I've implemented the nodes as processes, and all operations on the tree are relayed to the node that needs to do something about it. The code for this implementation can be found here:-

I did my tests on a Sun Fire V880 with 8 900-MHz UltraSPARC-III processors and 16 GBs of main memory; running Solaris 10 and Erlang (BEAM) 5.6.3.

My tests consisted of randomly creating and populating a tree that has a key range of 0-1000; and then performing at random (uniform distribution) either an insert(), delete() or a contains() done 100,000 times. I would vary the number of threads from 1 to 8, and the load (100,000 operations) would be divided by the number of processors available. I also performed the tests where the only operation performed is a contains() operation (designated by 1:0:0), or 8 contains() operations, 1 insert() and 1 delete() (8:1:1), or an equal mix of all three (1:1:1).

In a perfect world, 2 threads would do the job in half the time 1 thread would, but of course nothing is perfect. So as a baseline I performed another test whereby each thread would just call a function (repeated for a number of times) that does nothing but return true, to see how well that scales (in the graph: Best Scalability). This used the same functions to distribute the load, except that randOperation() would only return true rather than do anything useful.

Anyway, you can find the graph (where the results are normalized to the wall time for one processor) at:- (the lower the lines goes, better the scalability)
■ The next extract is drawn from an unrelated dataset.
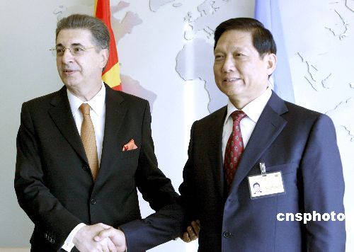 中共中央政治局委員、北京市委書記、北京奧組委主席劉淇三十一日在紐約聯(lián)合國會晤第六十二屆聯(lián)大主席克里姆。中新社發(fā) 李靜 攝

and the raw data (showing the wall time in ms) at:-

As you can see, my data structure isn't scaling well at all regardless of the kind of workload it has. I would expect it to scale well since the tree should be kind of balanced. In C I would know how to write an implementation where at least contains() scales well; writing something where tree modification scales is a bit more difficult but should be doable. However, I am new to Erlang and I can't really reason about all the issues well enough to pull off a similar implementation.

In a nutshell my question is; what am I doing wrong? Is there a better way to have a place that stores shared data in a scalable manner?